News & Analysis

OpenAI Lures More Publishers to Its Side

This despite a legal dispute around whether it can use print media data to train AI models

When the New York Times took on OpenAI late last year in a lawsuit about using data from the publication to train its AI models, opinion was divided round the middle. The publishers felt that they deserved money for original content while the so-called tech czars wanted them to think bigger. 

Just so that our readers are aware, our team at CXOToday prefers thinking small in this context and believe that original content deserves a higher value than something created by a chatbot based on a bevy of queries. 

Anyway, the point now is that OpenAI seems to be forging more deals with publishers, specifically across Europe  on the same lines. Moreover, they are doing so in spite of the legal battle being fought with the NYT in a US court. For good measure OpenAI announced deals with Le Monde and Prisa Media to bring French and Spanish news to ChatGPT. 

OpenAI acquires news from two brands

The blog post claims that the partnership would ensure that these companies current affairs coverage would be revealed to ChatGPT users based on where it makes sense and also contribute to OpenAI’s training data. 

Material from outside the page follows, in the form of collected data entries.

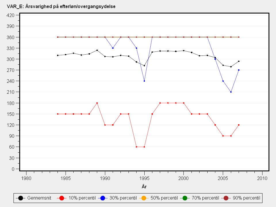 Årsvarighed af efterløn/overgangsydelse. Varigheden er målt i dage.Detaljeret beskrivelse
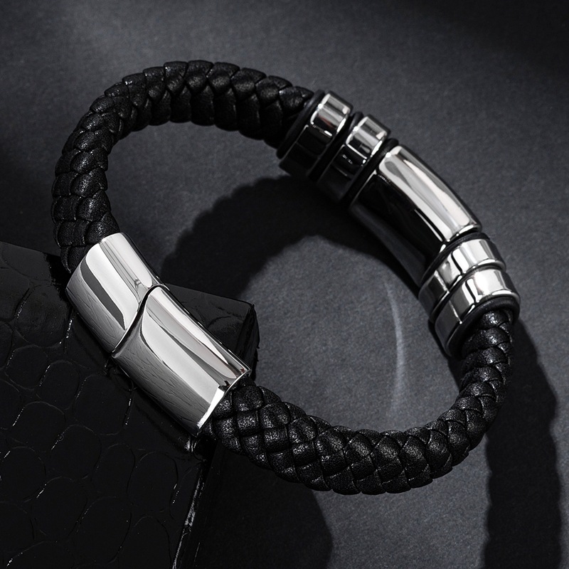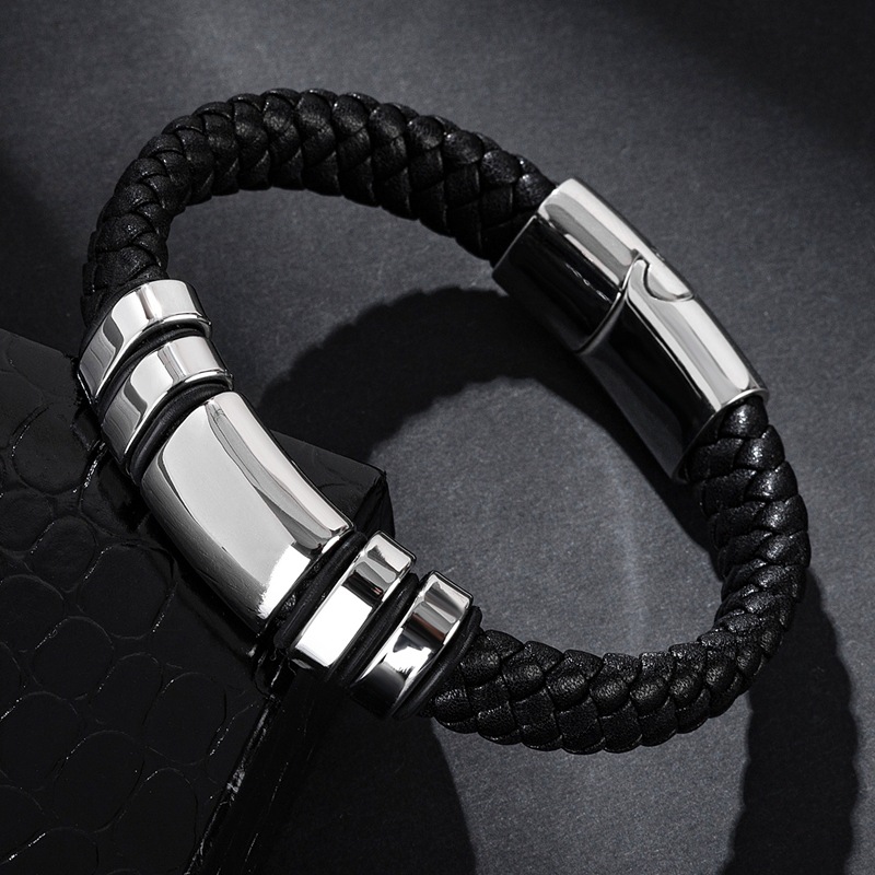 📚 欧美时尚黑色皮绳编织手链简约百搭钛钢手镯男女刻字logo定制手饰
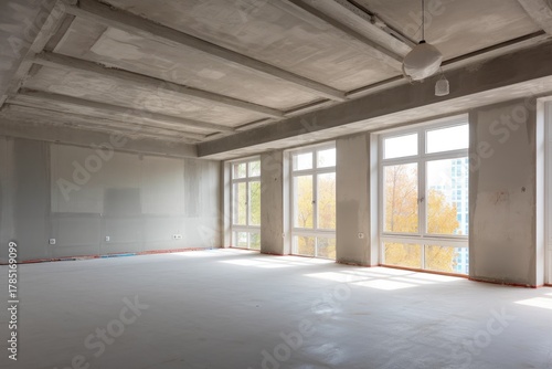 © Letitia, Obraz premium Spacious unfinished interior with large windows.
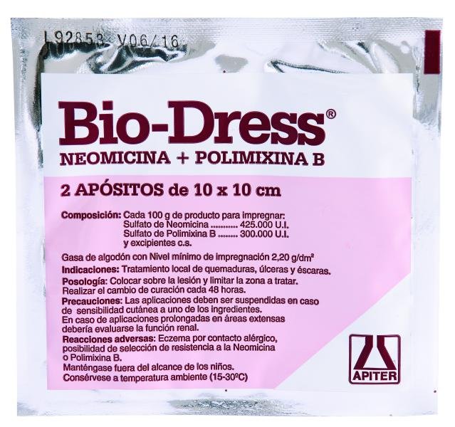 Bio-Dress Aposito, fabricado por el Laboratorio Apiter, incluye 2 trozos de 10 x 10 cm cada uno. Es un producto tópico cutáneo con acción antimicrobiana y antiséptica, asociado a vitaminas o emolientes, sin contenido de corticoides. Este producto se presenta como una alternativa efectiva en el tratamiento de lesiones cutáneas, destacando su acción profiláctica contra infecciones microbianas. Para mayor información, se recomienda consultar también los productos asociados de antimicóticos y corticoides.
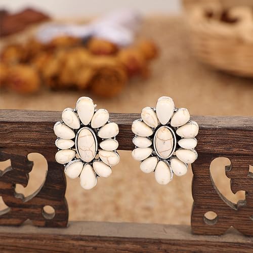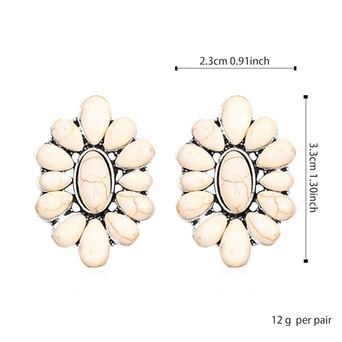 Bohemian Vintage Turquoise Oval Flower Stud Earrings Geometric Ethnic Teardrop Earrings Western Cowgirl Jewelry Gift for Women
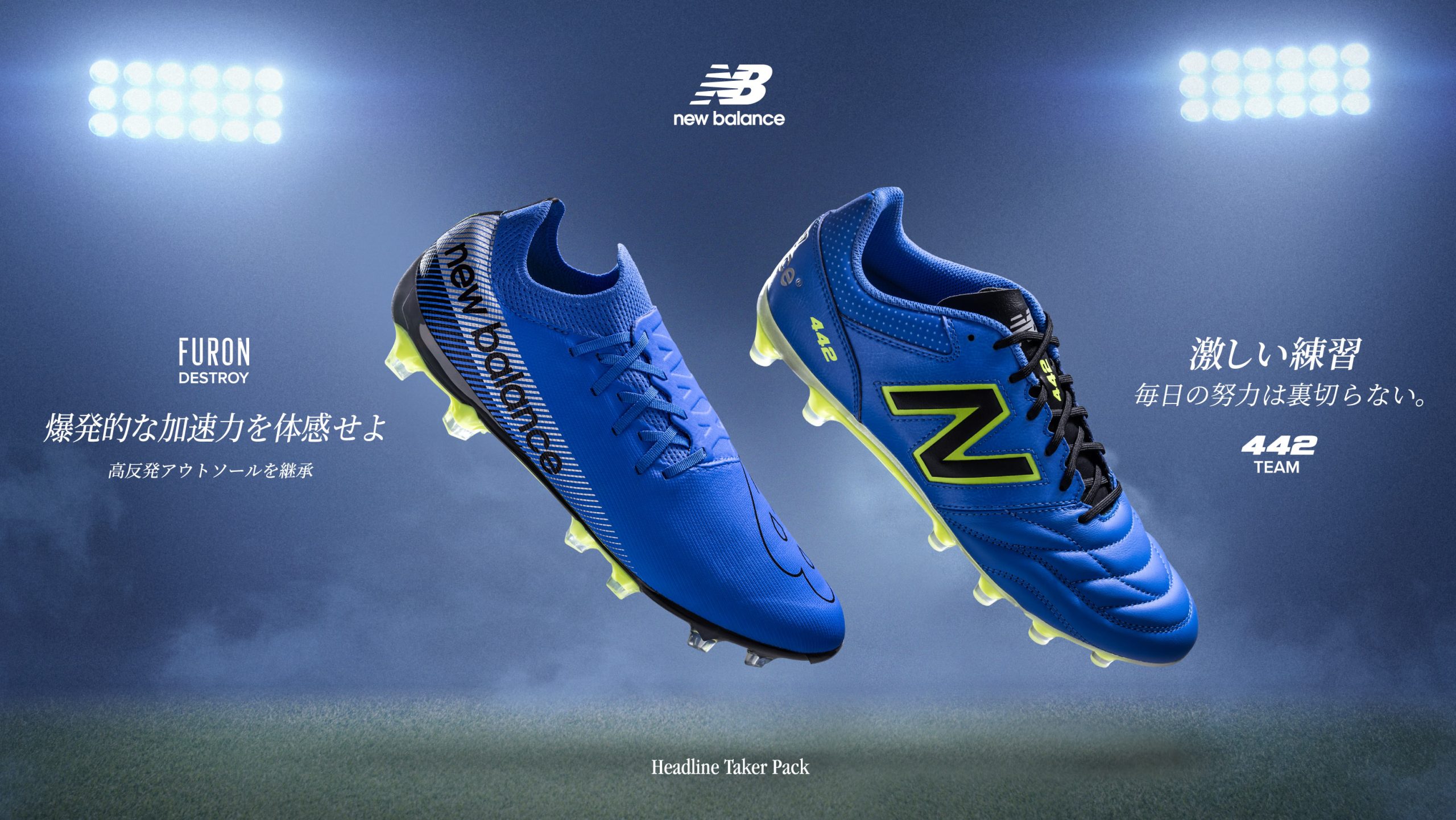ニューバランスジャパンは、爆発的な加速力を生み出すスピード系フットボールスパイクFuron Destroy(フューロンデストロイ)」と毎日の激しい練習に最適な、フルグレインレザーの足なじみの良さと耐久性を両立した「442 v2 Team(チーム)」をニューバランス公式オンラインストア、ニューバランス原宿、その他ニューバランス取扱店舗にて発売中。
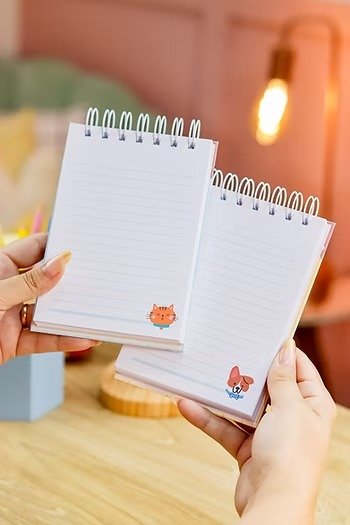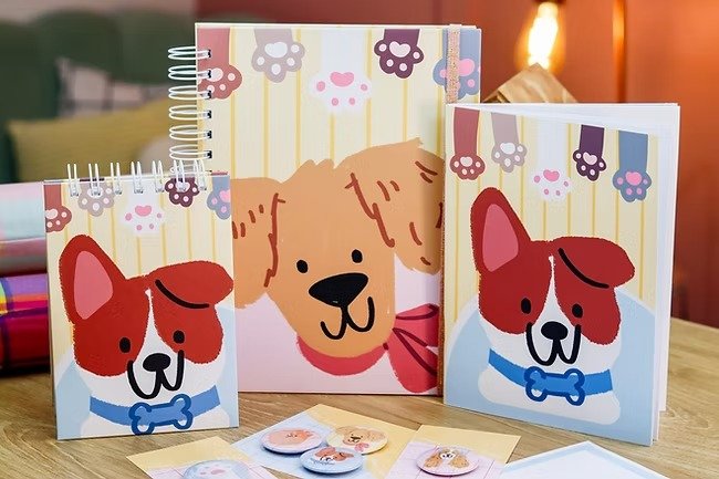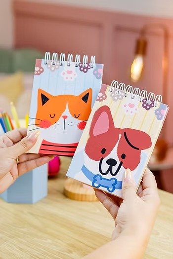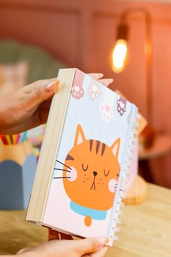 - Cadernos escolares, com matéria e folha decorativa em dois tamanhos: A5 e o tamanho colegial.
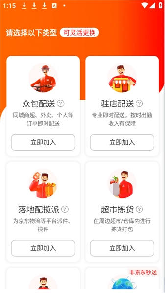 1、在本站达达秒送骑士,打开软件并注册,选择自己的兼职工作;
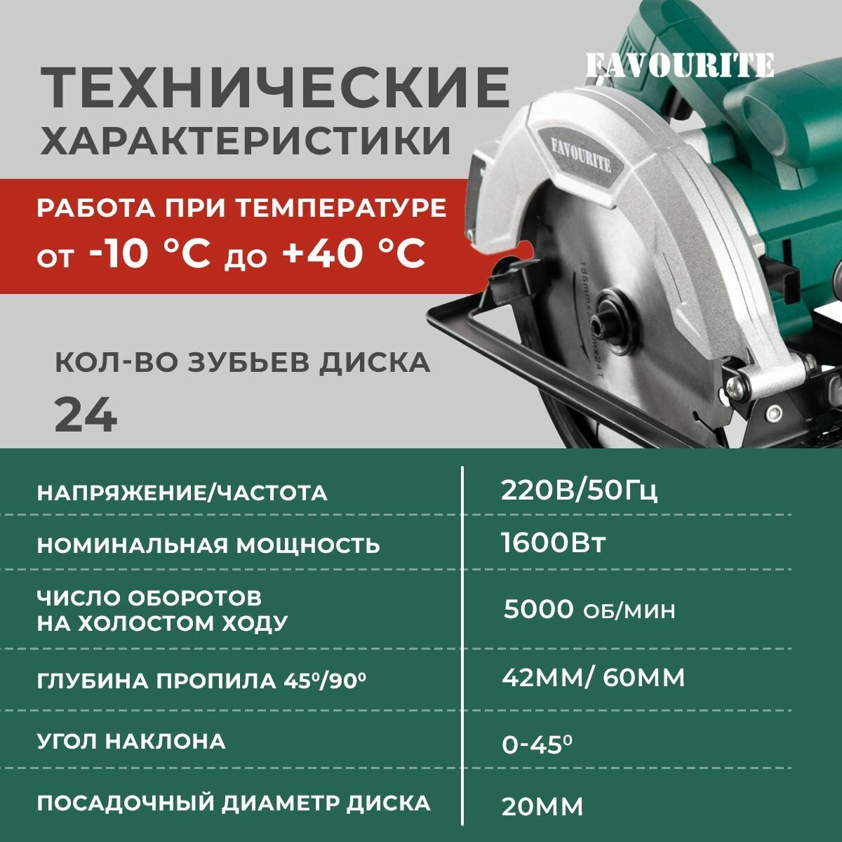Пила дисковая FAVOURITE FCS 185, 1600 Вт, 185 мм, 5000 об/мин
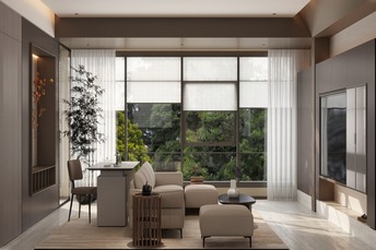 以江南園林為設(shè)計靈感, 將傳統(tǒng)花窗、洞門、巧妙融入設(shè)計手法, 好似一幅水墨畫卷將淡雅氛圍融入每一個角落。
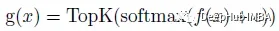 这里的f(.)为路由线性变换。ε为高斯噪声。当K<<E时,g(x)的大多数元素为零。
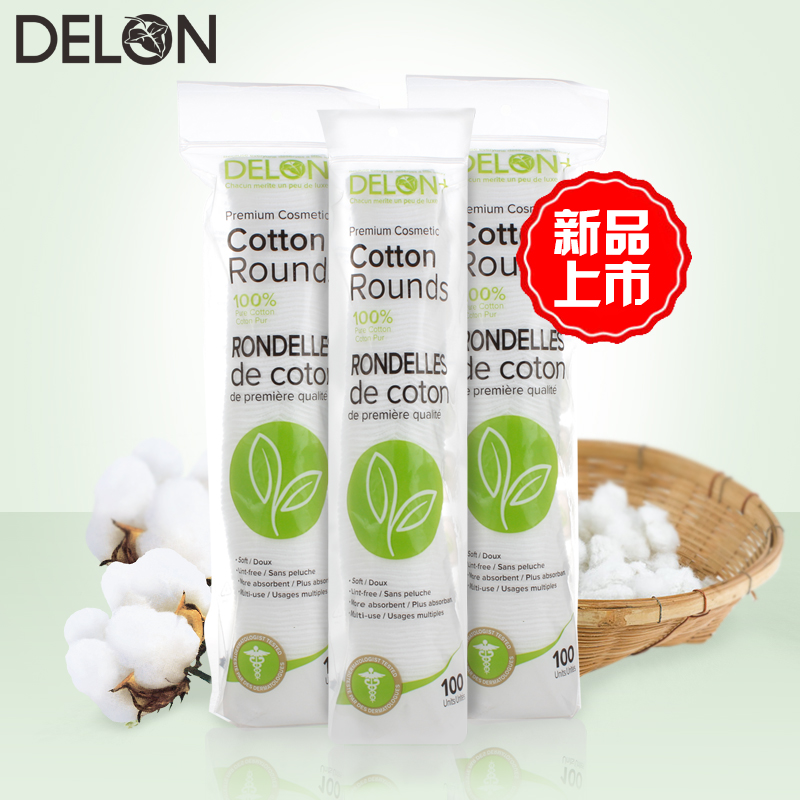 delon女生洁面卸妆棉 三层两面芦荟润肤化妆棉 100片x3条套装

This is what OpenAI in the post: “Over the coming months, ChatGPT users will be able to interact with relevant news content from these publishers through select summaries with attribution and enhanced links to the original articles, giving users the ability to access additional information or related articles from their news sites … We are continually making improvements to ChatGPT and are supporting the essential role of the news industry in delivering real-time, authoritative information to users.” 

In addition, the company also revealed the licensing deals with a few other content providers as well. They have access to Shutterstock for images, videos and music training data as well as with the Associated Press, Axel Springer which owns Business Insider, Le Monde and Prisa Media. 

No mention of payments, but is it enough?

There is no mention of the monetary aspects of the deal but from earlier media reports the conjecture is that OpenAI could be paying between $1 million to $5 million a year for the archives that train GenAI models. Of course, this doesn’t help us estimate the payout for Shutterstock though reports from The Information indicate that it could be paying out $4 million to $20 million a year for news. 

At first glance, it might look like a decent sum of money, but look at OpenAI’s war chest of $11 billion and the annualized revenues of $2 billion, and the amount seems like peanuts. The challenge here is two-pronged here: The first is that publications are themselves struggling to hold their heads above water and the second is OpenAI might just be staving off potential competitors from entering similar agreements later. 

This ain’t about an OpenAI hegemony 

Once again, it would be erroneous to perceive this move from OpenAI as a response to what may be when the likes of Google and Apple (if and when they plan to enter the GenAI race). The true question at this juncture is how these Big Tech giants can use their massive war chests to monopolise further AI  developments by pushing away startup competition. 

Of course, one cannot see any entry barriers at this point in time, but this move by OpenAI and possibly a few more that could follow from fellow Big Tech giants, could challenge the status quo. For now, most AI vendors are ignoring IP holders and not opting to license the data they require to train AI models. 

Companies are training on movie stills without having a deal with the owners of those images and the same is the case with the music industry. Going forward, the question to ask would be whether licensing should just cover the cost of doing business and experimenting in the AI space or go beyond? 

Maybe, this is where an AI regulator would come into play. The IP holder needs protection and so does the AI vendor, many of whom are in the startup phase. There should be provisions to safeguard them from legal liability as long as there is transparency and ethical standards being maintained in the use of such content.